We need incentives, not regulation, to achieve diverse clinical trials

Lack of diversity among clinical trial participants costs billions a year in early deaths and poor health. Proven economic incentives can dramatically change the picture — if the will existed to employ them.

This was the conclusion of Edith A. Perez, MD , Carlos del Rio , and me, echoing the findings of a new report that Congress requested from the National Academy of Medicine , for which we served as Committee members. (This is a modified version of our STAT First Opinion; I speak only for myself below.)

Large swaths of the U.S. population have not been adequately represented in #clinicalresearch, so researchers lack data on new discoveries that might prevent disease and extend life in many of their patients. This includes racial and ethnic minority populations, older adults, #LGTBQIA+ individuals, individuals with disabilities, and those that are pregnant, of reproductive age, or lactating.

Confidence in the safety and effectiveness of a drug can't be assured unless groups are properly represented in the research. A recent analysis of FDA drug approvals over five years found that fewer than 20% of those drugs had clinical trial data regarding treatment benefits or side effects for Black patients. Our Committee found that white women are better represented, but progress had stalled for racial and ethnic minority populations.

The report also quantified the potential benefits of having more diverse trials. Using the Future Elderly Model from the USC Schaeffer Institute , the Committee found that hundreds of billions of dollars will be lost over the next 25 years due to reduced life expectancy, shortened disability-free lives, and fewer years working among populations that are not proportionately represented in the trials.

Assuming just 1% of that burden could be alleviated through more representative trials, it would result in more than $40 billion in gains for diabetes and $60 billion for heart disease. By comparison, the National Institute of Diabetes and Digestive and Kidney Diseases (NIDDK) spends about $2 billion annually on research -- demonstrating how dramatically we underinvest in innovation.

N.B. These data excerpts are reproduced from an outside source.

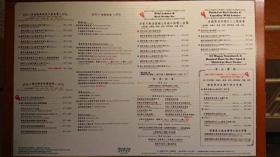 精緻的牛排館,供應牛排、海鮮料理、開胃菜、飲料與甜點。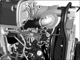 • Model 3032E: Locate the lower air intake hose (B) and tighten two hose clamps (C).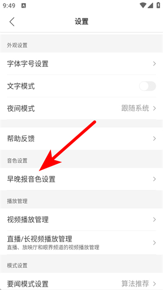 3、在設(shè)置的頁面,點(diǎn)擊早晚報(bào)音色設(shè)置,進(jìn)入音色切換的界面。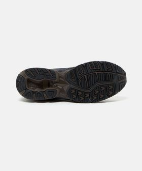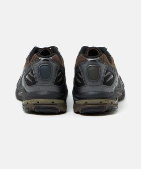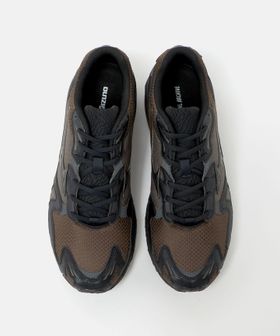 ブラウンのベースにブラックのオーバレイを重ねた一見シンプルな構造のアッパーデザインは、ディテール毎に素材や配色を微調整。

So what can we do? One option is to demand that trials be representative, either by putting up barriers at FDA or (even worse) at Centers for Medicare & Medicaid Services . However, such regulation would chill #innovation, not encourage it--thereby harming the populations we are trying to help.

A better strategy is to create more generous financial incentives.  For example, clinical trial sponsors are often limited by institutional review boards in their ability to reimburse participants. Allowing remunerating participants for lost wages, transportation costs, dependent care, and housing would help.

But bigger results can be expected if industry players are offered incentives to take action. Among its bundle of recommendations, our committee urged the FDA to study new inducements for sponsors that meet clinical trial representativeness criteria, including tax credits, fast-track eligibility, exemption from some FDA application fees, and extended market exclusivity for drugs.

The evidence demonstrates that fast-tracking drugs and extending exclusivity can really move needle.

These recommendations mirror ones included in the Orphan Drug Act of 1983, which completely changed the face of therapeutics for rare disorders. Before the ODA, millions of people were living with #rarediseases that, despite a heavy burden, attracted little research interest. The diseases were left out of the innovation pipeline, hence the term "orphan."

Inducements in the 1983 legislation led industry to develop more than 5,000 drugs that received orphan drug designation between 1983 and 2019.

How might incentives for better representation work in clinical trials? A good example is the #Alzheimer’s drug Aduhelm, which the FDA approved in 2021 but was rejected for broad coverage by Medicare and was sent back for additional, more representative trials.

Having CMS revisit safety and efficacy decisions by the FDA is classic bureaucratic overreach. Instead, Congress could create a strong incentive for more inclusive trials by guaranteeing Medicare coverage for drugs that meet standards of representation that would be designated by the FDA.

The National Academies report recommends that the Department of Health and Human Services, the FDA, the National Institutes of Health, and other federal agencies write new regulations and impose new requirements on clinical trials. Some of these might indeed help enroll in trials more participants from underserved racial and ethnic populations. But the success of the Orphan Drug Act should be clear proof that incentives are strong and effective levers for driving change in research and in fighting diseases.

Carrots, not sticks, are what is needed to overcome the stagnancy of underrepresentation in clinical research.